Record excerpts Block Start
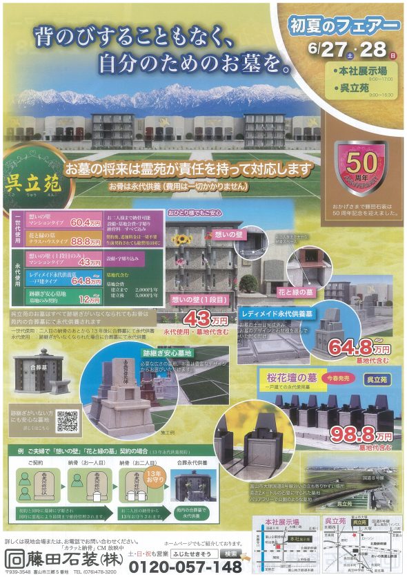墓石工事のご相談、墓地をお探しの方はぜひ藤田石装まで。
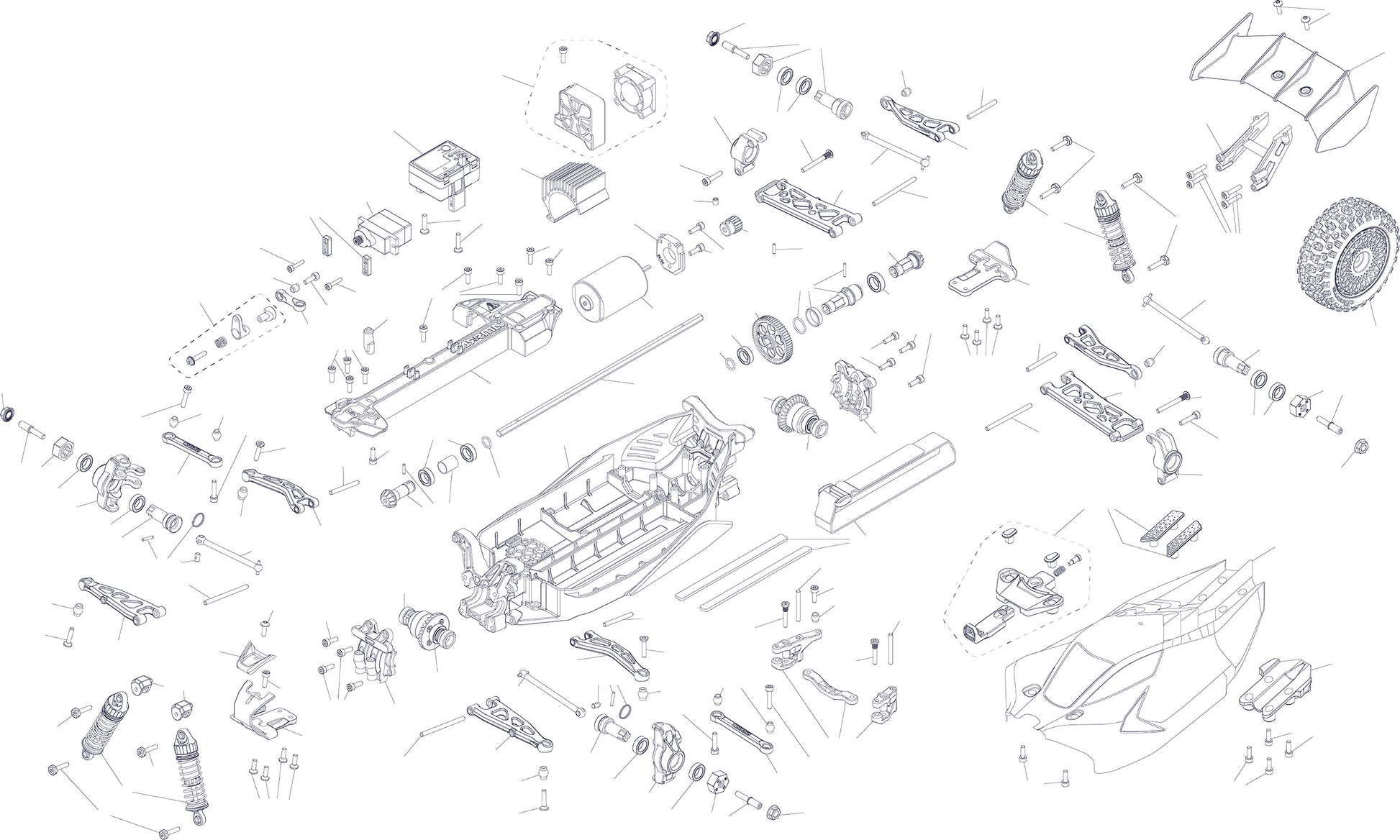 The TYPHON GROM buggy body snaps onto the chassis easily, quickly, and securely, and comes off with a simple press-and-release. With no tiny clips to force into place, it’s a body attachment system that’s perfect even for young bashers.
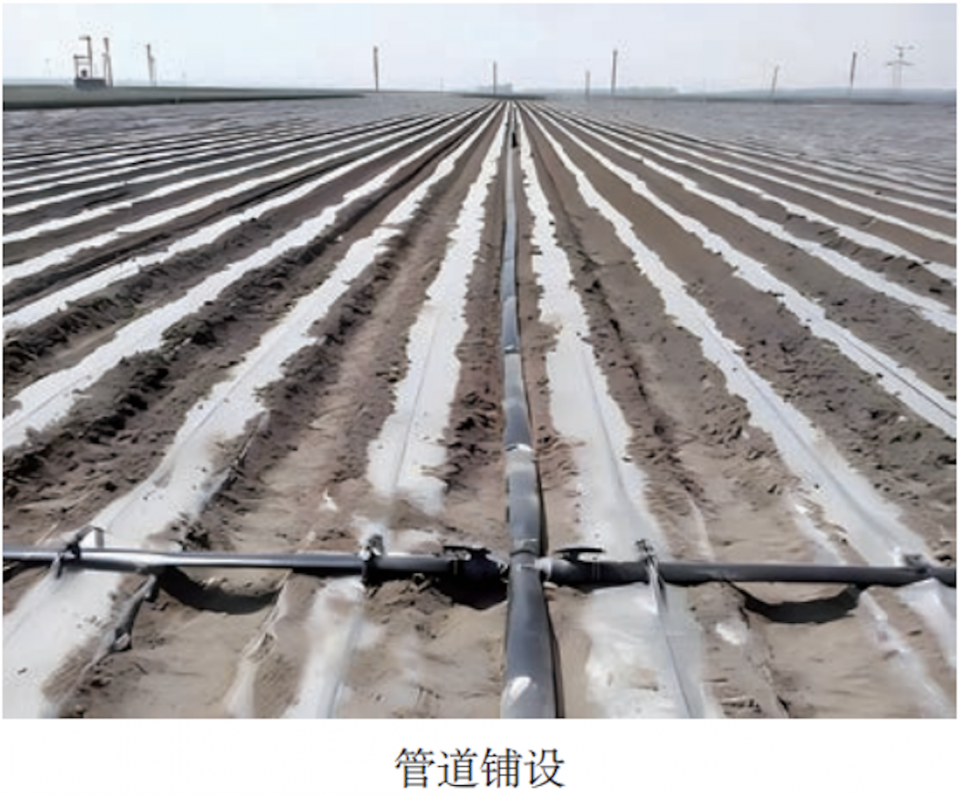 一般采用干管—支管—滴灌帶三級分流灌溉模式,主管選用直徑為90~110毫米的PVC(聚氯乙烯)管(地下埋管)或相同規格的PE(聚乙烯)軟管(地上鋪管),支管選用直徑為50毫米的PE膠管或直徑為60毫米的PE軟管。滴灌帶可選用單翼迷宮式滴灌帶或者內鑲式滴灌帶,內徑16毫米,滴頭間距30厘米,滴頭流量1.5~2.0升/時,工作壓力0.05~0.10兆帕,滴灌帶應符合GB/T19812的要求。上述兩種滴灌帶鋪設方便,價格較低,不可重復使用。
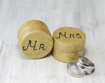 Gold Glitter Wedding Ring Boxes, Gatsby Wedding Ring Bearer Boxes, Ring Bearer Pillow Aternative, Mr. and Mrs., set of 2
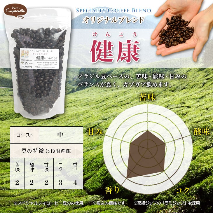 『健康』はその『ブラジル』を中心にさらに飲みやすいようにこだわってブレンドしました。
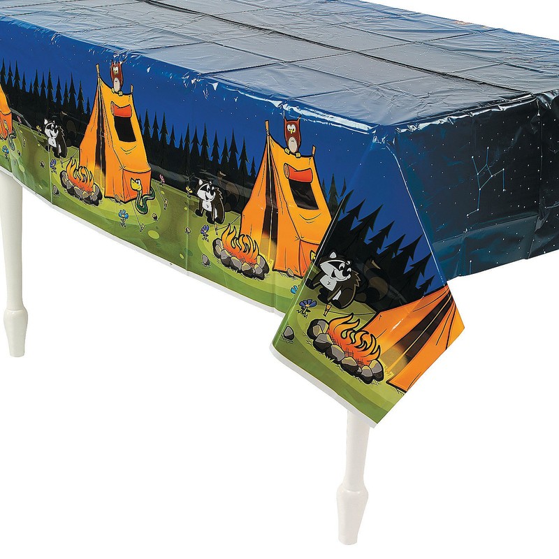 "When you can't explore the great outdoors bring the great outdoors to you with our colorful array of Camp Adventure party supplies. Patterned with cheerful forest critters exploring a campsite this fun tablecloth makes a perfect addition for enhancing this unforgettable camp theme. Decorate treat tables gift tables and more with a look that is sure to help create a birthday party full of happy campers. Shop our full selection of table covers online. OTC Plastic. Disposable. 54 x 102"
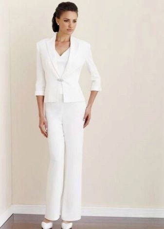 Decor and decoration. The bridal outfit should be elegant and feminine. Therefore, the abundance of decorative ornaments should not be. In addition, everything also depends on the style of the suit itself. If the jacket is decorated with lush ruffles, frills, train, other decorative elements, then additional accessories and decorations should be minimal (exquisite brooch, pendant, tiara, elegant embroidery with rhinestones or pearls, etc.).
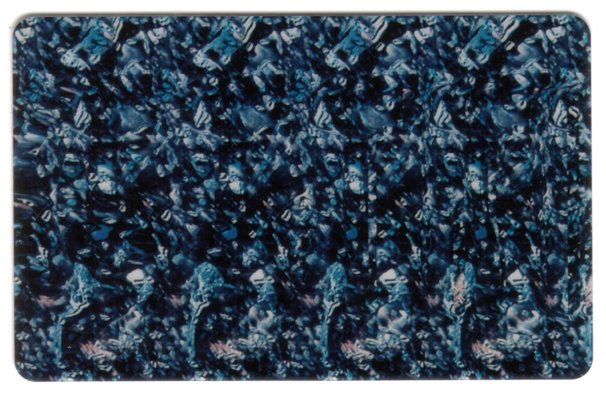 This collectible card features an artistic abstract design with a 3-D illusion effect from the Magic Eye Series, specifically depicting fish. The image uses a complex pattern of dark blue, black, and light blue shades to create an illusionary underwater scene filled with stylized fish and aquatic elements, characteristic of Magic Eye’s 3-D artwork style.
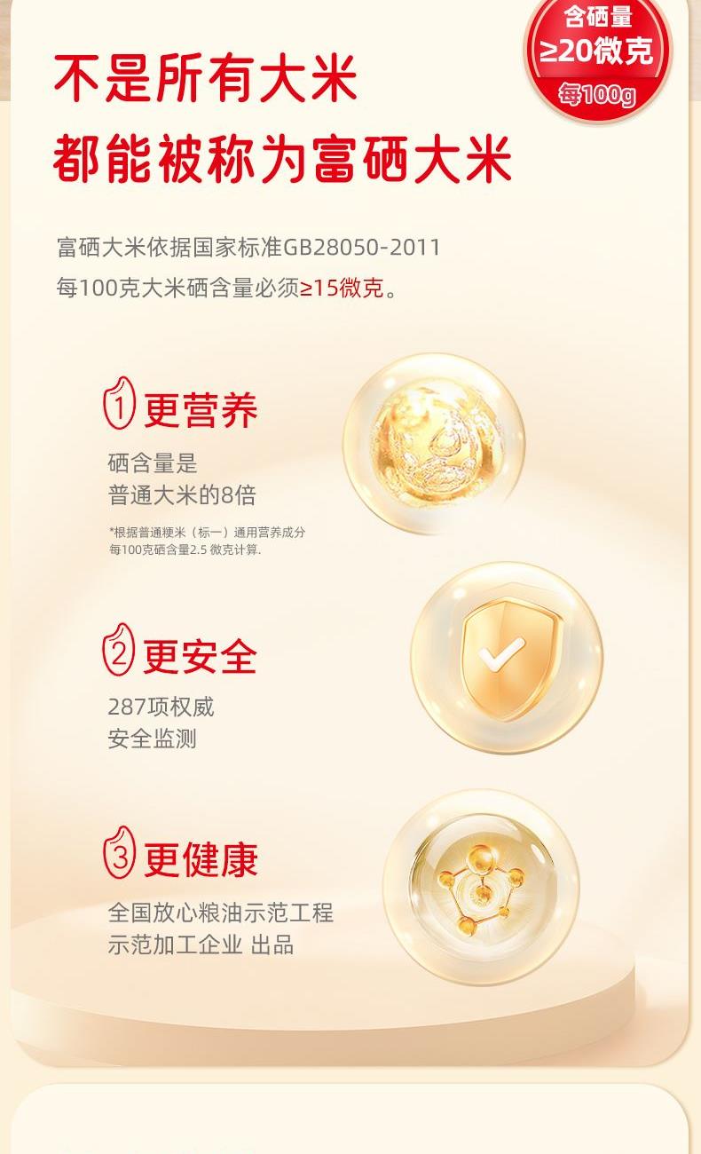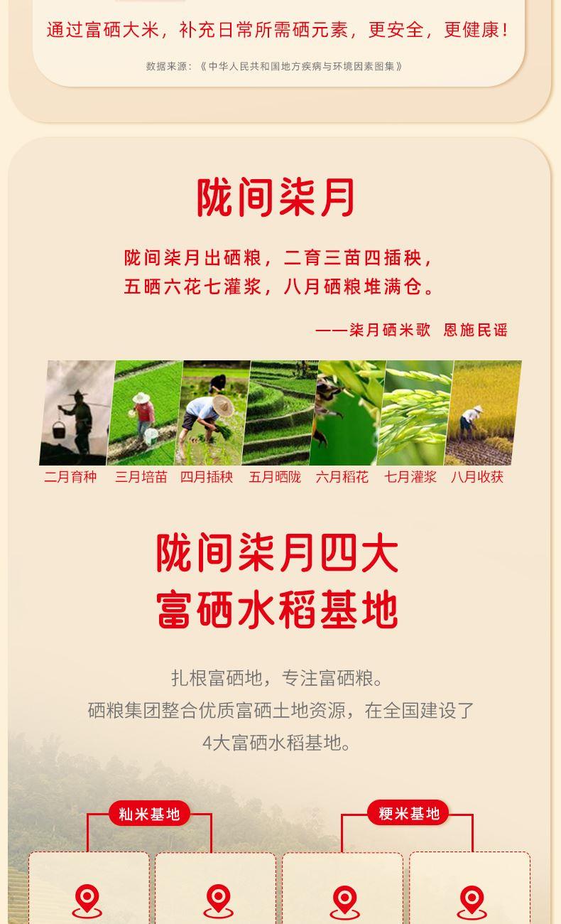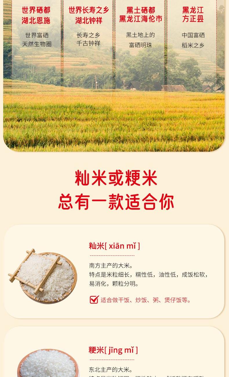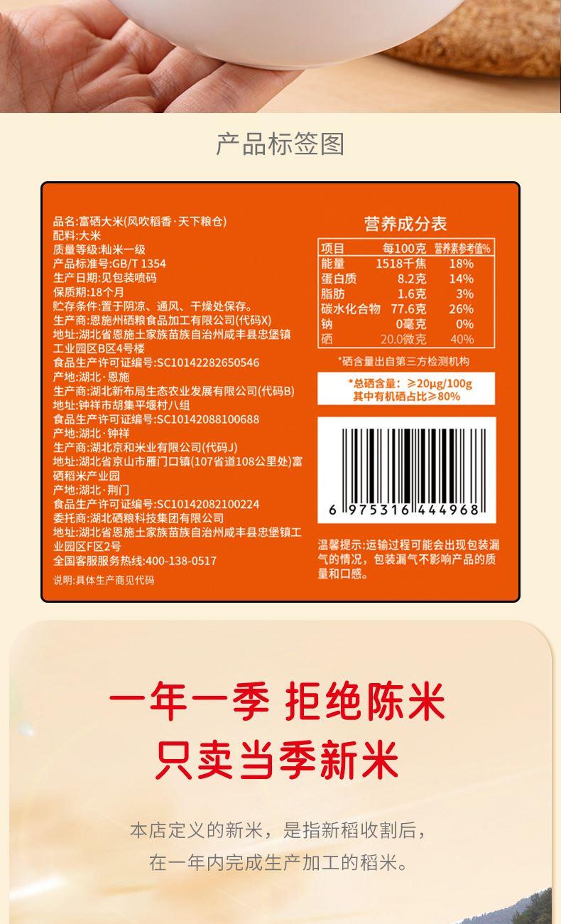 产品信息 品 名:富硒大米(风吹稻香·天下粮仓) 规 格:500g 箱 规 30袋/箱 包 装:单层真空包装 产品特色 1、源自世界硒都·湖北恩施,南方籼米; 2、鲜稻现碾,纤细苗条,晶莹洁白,软硬适中,饭粒松软; 3、富有机硒认证,每100g平均硒含量≥20ug;
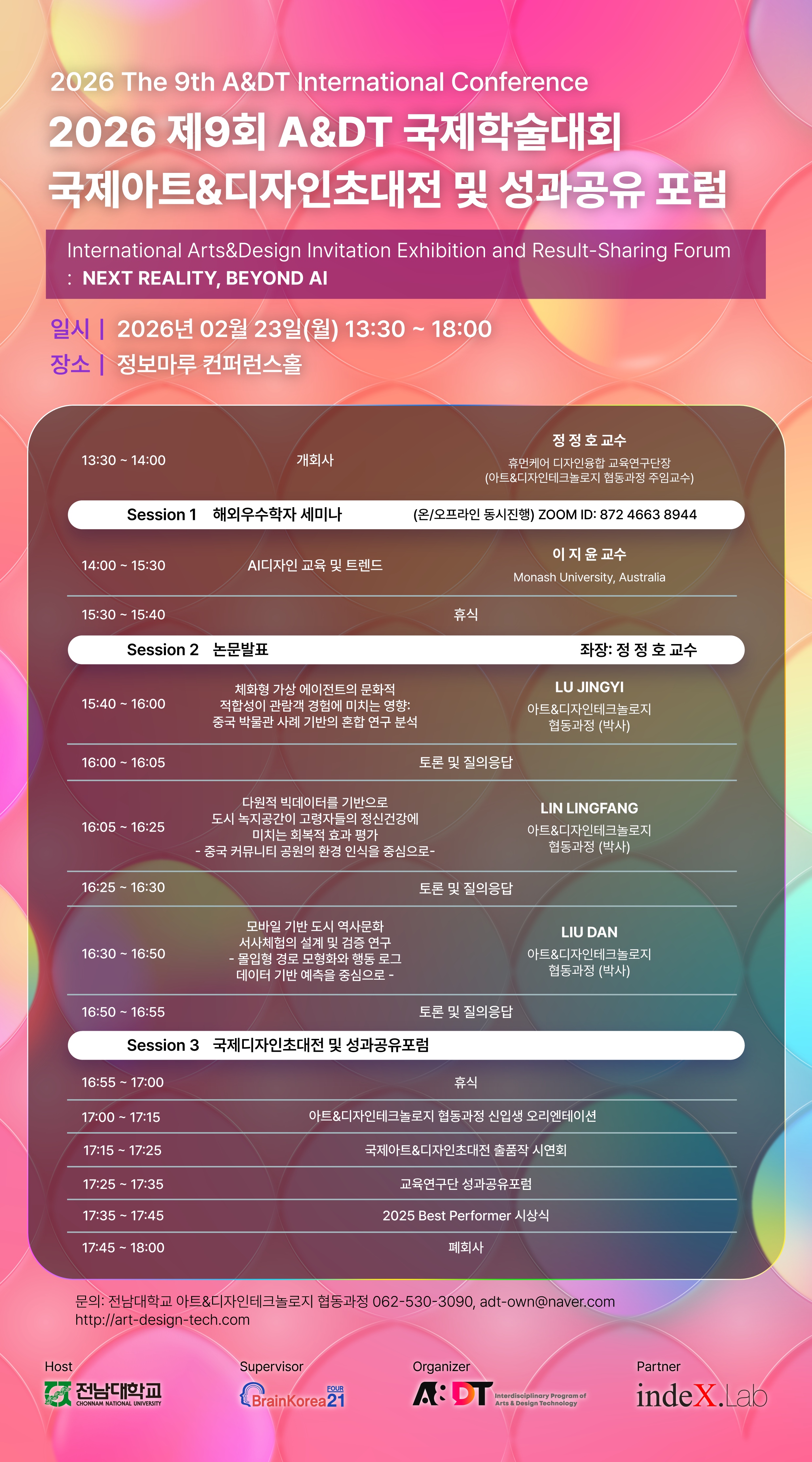 ¼ºñ½ºµðÀÚÀÎÀ¶ÇÕ¿¬±¸¼Ò°¡ ÇùÁ¶ÇÏ¿© ÁøÇàÇÏ´Â '2026 Á¦9ȸ A&DT ±¹Á¦Çмú´ëȸ/±¹Á¦¾ÆÆ®&µðÀÚÀÎÃÊ´ëÀü ¹× ¼º°ú°øÀ¯ Æ÷·³'À» °³ÃÖÇÕ´Ï´Ù.
Record excerpts Block End
Print exactly, and only, the lines from the line containing "产品信息 品 名:富硒大米(风吹稻香·天下粮仓)" to the last line of the material above, with every picture left out.

| Answer to the problem |
 产品信息 品 名:富硒大米(风吹稻香·天下粮仓) 规 格:500g 箱 规 30袋/箱 包 装:单层真空包装 产品特色 1、源自世界硒都·湖北恩施,南方籼米; 2、鲜稻现碾,纤细苗条,晶莹洁白,软硬适中,饭粒松软; 3、富有机硒认证,每100g平均硒含量≥20ug;
 ¼ºñ½ºµðÀÚÀÎÀ¶ÇÕ¿¬±¸¼Ò°¡ ÇùÁ¶ÇÏ¿© ÁøÇàÇÏ´Â '2026 Á¦9ȸ A&DT ±¹Á¦Çмú´ëȸ/±¹Á¦¾ÆÆ®&µðÀÚÀÎÃÊ´ëÀü ¹× ¼º°ú°øÀ¯ Æ÷·³'À» °³ÃÖÇÕ´Ï´Ù.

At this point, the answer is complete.